A second point By stressed was that dramatic powder granule compression, which occurs when a cartridge fires, results in granule fluidization. Individual particles fuse and reconfigure. Within microseconds the myriad granules become a single mass of viscous fluid. As granule surfaces begin to fuse (at least temporarily), interstitial gas pockets become isolated and essentially spherical. For this reason, further ignition results only at exposed surfaces or where granule-to-granule shearing occurs. Intergranule shearing can open up new paths for propellant gases – we will return to this point.
Owing to adsorbed surface chemicals (which affect both physical and chemical granule characteristics) and size and separation of gas pockets, subsequent burning rate still reflects initial granule characteristics. Critically, individual granules retain the progressive burning gradients imposed by the deterrents. Further, these granules are not necessarily inseparable.
Pressure of a few thousand psi (far below peak chamber pressure) dramatically deforms unignited granules, which are generally located in continuous masses. (My testing demonstrated that a relatively mild pressure of 3000-psi compresses typical tubular and ball powders about 10%, which implies significant deformation.) For this reason, those granules escaping initial (primer blast) ignition show little difference in performance, whether stick- or ball-type.

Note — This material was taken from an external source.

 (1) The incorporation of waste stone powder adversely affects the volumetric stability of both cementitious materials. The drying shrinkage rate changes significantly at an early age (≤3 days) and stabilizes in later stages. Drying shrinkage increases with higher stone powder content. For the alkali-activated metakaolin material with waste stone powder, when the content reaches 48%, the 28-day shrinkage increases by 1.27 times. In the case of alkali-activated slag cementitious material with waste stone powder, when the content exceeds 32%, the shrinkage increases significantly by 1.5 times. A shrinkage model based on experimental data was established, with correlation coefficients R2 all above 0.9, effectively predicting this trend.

Regardless of any such details, my pertinent points from the original articles stand (to which, please refer), ideal case designs: 1) minimize interior surface area, and 2) maximize granule mixing rate at the shoulder-to-neck transition. By, who believes it is of significant importance, reiterated a third point 3) minimizing distance between primer flash and the remotest granules. By also points out that we have to add a new dimension to this theorem 4) maximizing primer-blast related heating of those granules in the bore-diameter column, directly behind the bullet – which contains powder that can follow the bullet into the bore as an unignited plug. (Again, refer to the aforementioned articles for background.) See sketches 1a & 1b.

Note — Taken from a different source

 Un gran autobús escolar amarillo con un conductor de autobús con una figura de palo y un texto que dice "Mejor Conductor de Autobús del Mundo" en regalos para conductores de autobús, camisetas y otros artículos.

In the following text, we assume that chambering characteristics provide for the base of the bullet shank to precisely align with the neck-to-shoulder juncture of the case.
1) Minimizing
Interior Case Surface Area
This aspect is critical because it minimizes
conversion of primer blast heat into case heat, and for several other
reasons. If this were the only consideration, the answer would be
quite simple – design a spherical combustion chamber. This is certainly
feasible but it will require a new case, drawn with new tooling. Meanwhile,
since that basic shape cannot be achieved with a conventional cartridge,
we will consider conventional (cylindrical) designs. Here, in the
ideal design, powder column diameter equals length.
However, unless someone wants to dramatically shorten a 50 BMG or neck a similarly shortened 416 Rigby to 17-caliber (have fun!), we are in no danger of designing a full-power case that is shorter than it is wide. Therefore, we can say that we should use the fattest case feasible.
(It is noteworthy that progressively fatter cases require progressively fatter actions and that such designs impose increasing levels of axial stress and primer-blast-derived shock – and vibration – into the barrel, characteristics that are probably detrimental but which we will not address further here.)
2) Maximizing Granule Mixing Rate at Shoulder-to-Neck Juncture
Consider
granules trapped behind the case shoulder and not directly ignited
by the primer. Chamber pressure rapidly compresses this mass and thereby
eliminates permeability